- DVD cover
- Genre: Drama; Thriller;
- Based on: Angels Fall by Nora Roberts
- Screenplay by: Janet Brownell
- Directed by: Ralph Hemecker
- Starring: Heather Locklear; Johnathon Schaech;
- Music by: Chris P. Bacon; Stuart Michael Thomas;
- Country of origin: United States
- Original language: English

Production
- Producer: Stephanie Germaine
- Cinematography: Joel Ransom
- Editor: Louis F. Cioffi
- Running time: 96 minutes
- Production company: Mandalay TV

Original release
- Network: Lifetime
- Release: January 29, 2007

= Angels Fall (film) =

2007 television film directed by Ralph Hemecker

Angels Fall is a 2007 American mystery thriller romantic drama television film directed by Ralph Hemecker and starring Heather Locklear and Johnathon Schaech. It is based on the 2006 Nora Roberts novel of the same name. The film is about a beautiful chef who moves to a small town in Wyoming after her Boston restaurant is shut down because of a fatal shooting. The film debuted January 29, 2007 on Lifetime Television. At the time, it was one of the top-ten watched telecasts in the history of the network.

==Summary==
Reece Gilmore (Locklear) is the sole survivor of a massacre at a Boston restaurant where she worked as a chef. After a stay in a mental hospital due to PTSD, anxious and restless, she hits the open road with no destination in mind, desperate for a fresh start. When her car breaks down in a picturesque Wyoming town, Reece takes a job cooking at the local diner to earn enough to repair it and move on. But as she gets to know the townspeople, mystery writer Brody (Schaech) in particular, she considers putting the past behind her and settling down.
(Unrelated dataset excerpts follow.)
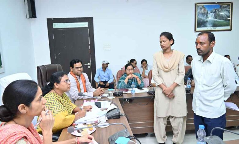 साथ ही नियम प्रक्रिया के तहत योजनाओं का लाभ दिलाने के निर्देश दिए। प्राप्त आवेदनों में पट्टे की भूमि पर जबरन कब्जा करने, स्वामित्व की भूमि में लगे सींमेंट का पोल उखाड़ कर फेकने तथा जान से मारने की धमकी देने, भूमि से संबंधि नकल नहीं देने, सेवा में पुनः रखने, प्रधानमंत्री समृद्धि योजना की राशि दिलाने, जमीन फर्जी रूप से अपने नाम करने, पट्टा दिलाने, राजस्व अभिलेख में कूट रचना करने, नक्शा बटांकन, सड़क मरम्मत, भूमि अधिग्रहण का मुआवजा दिलाने आदि आवेदन शामिल है। जनदर्शन में अपर कलेक्टर नम्रता आनंद डोंगरे, परियोजना निदेशक डीआरडीए केपी तेंदुलकर सहित सभी जिला अधिकारी उपस्थित थे।
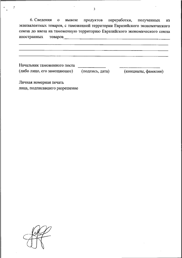 "ОБ УТВЕРЖДЕНИИ ФОРМЫ РАЗРЕШЕНИЯ НА ЗАМЕНУ ИНОСТРАННЫХ ТОВАРОВ ЭКВИВАЛЕНТНЫМИ ТОВАРАМИ (ПРИМЕНЕНИЯ ЭКВИВАЛЕНТНОЙ КОМПЕНСАЦИИ) ПРИ ПРИМЕНЕНИИ ТАМОЖЕННОЙ ПРОЦЕДУРЫ ПЕРЕРАБОТКИ НА ТАМОЖЕННОЙ ТЕРРИТОРИИ, ЕСЛИ В КАЧЕСТВЕ РАЗРЕШЕНИЯ НА ПЕРЕРАБОТКУ ТОВАРОВ ИСПОЛЬЗУЕТСЯ ТАМОЖЕННАЯ ДЕКЛАРАЦИЯ НА ПОМЕЩЕНИЕ ИНОСТРАННЫХ ТОВАРОВ ПОД ТАМОЖЕННУЮ ПРОЦЕДУРУ ПЕРЕРАБОТКИ НА ТАМОЖЕННОЙ ТЕРРИТОРИИ"
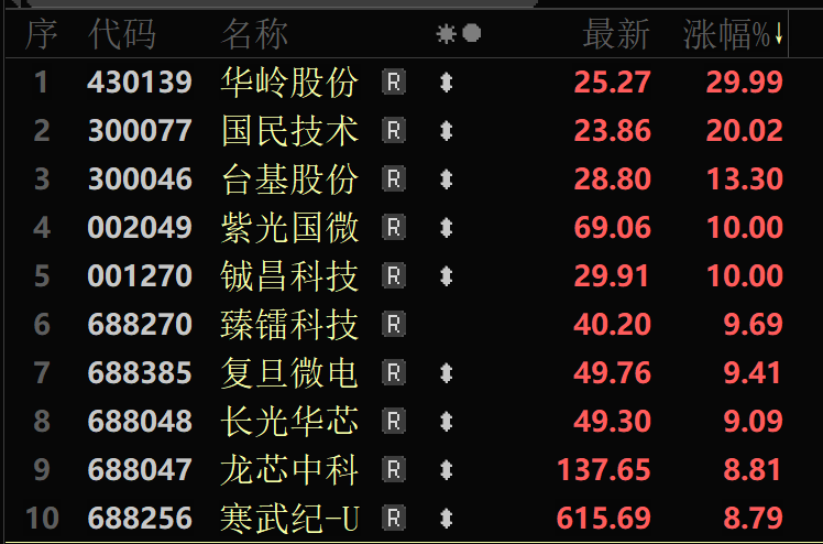 芯片概念股也全线走强,存储芯片、MCU芯片、汽车芯片、光刻机等细分板块均涨幅居前。华岭股份30%涨停,铖昌科技、紫光国微、鸿远电子等批量涨停。
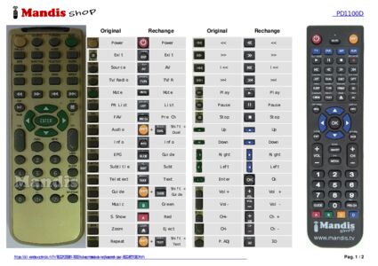 Un document est inclus pour vous aider à utiliser facilement la nouvelle télécommande, en indiquant la correspondance des boutons.
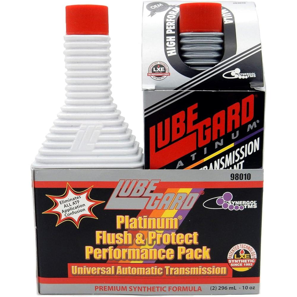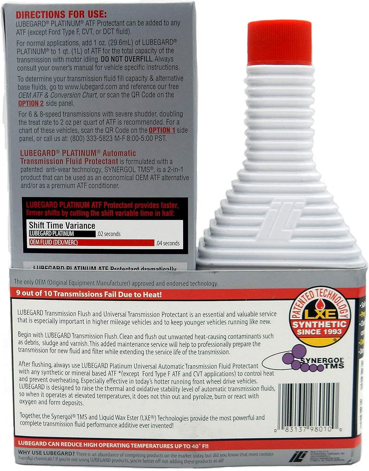 Lubegard Platinum Universal ATF Flush and Protect Pack features the safest, most gentle transmission flush available. Other transmission flushes contain harmful solvents that can actually dissolve seals and gaskets. The Lubegard transmission flush is designed to gently flush away varnish, sludge, and other by-products and prepare your transmission for fresh fluid. The directions for use with the flush machine include following the manufacturers directions. The directions for use without the flush machine include adding one bottle of Lubegard automatic transmission flush to the transmission fluid. With the car on lift (or wheels above the ground) start the engine; circulate for 5 minutes cycling Lubegard automatic transmission flush through all gears. Then drain completely and refill with Dexron/Mercon ATF and one bottle of Lubegard platinum universal ATF protectant. The Lubegard platinum universal ATF protectant is uniquely formulated using the patented synthetic LXE (liquid wax ester) technology and new synthetic synergol TMS technology. Together, these technologies provide the most advanced and complete transmission fluid performance service additive ever invented. It is used to convert regular Dexron/Mercon ATF into OEM types and perform like MERCON V ATF, highly friction modified ATFs, such as: Honda Genuine ATF, Toyota Type T, Toyota Type TII, Toyota Type TIV, Mopar ATF + 3 (7176), Mopar ATF +4 (9602), and all other highly friction modified ATFs.

But then, while out hiking, she witnesses a murder. Reece is traumatized again, and not just by the killing, but also because, when the police go to check out the crime scene, there's no evidence of a murder taking place. The townspeople doubt her story due to her past, which leads everyone, including Reece, to question her sanity.

==Cast==
- Heather Locklear as Reece Gilmore
- Johnathon Schaech as Brody
- Gary Hudson as Rick Marsden
- Derek Hamilton as Lo
- Linda Darlow as Joanie
- Lisa Marie Caruk as Linda Gail
- Len Crowther as Doc
- Pete Seadon as Mac Drubber
- Robert White as Lynt
- Christy Greene as Ginny
- Jemma Blackwell as Debbie Marsden
- Tamara Werden as Woman in Orange Hat
- Guillermo Ura as Serge
- Chezlene Kocian as Marlie
- Lori Ravensborg as Jeweler

==Production==
The film was executive produced by Stephanie Germain and Peter Guber, who also 'e.p.-ed' seven other Roberts films for Lifetime in 2007 and 2009.

==Reception==
Angels Fall was one of the top ten most-watched telecasts in the history of the channel.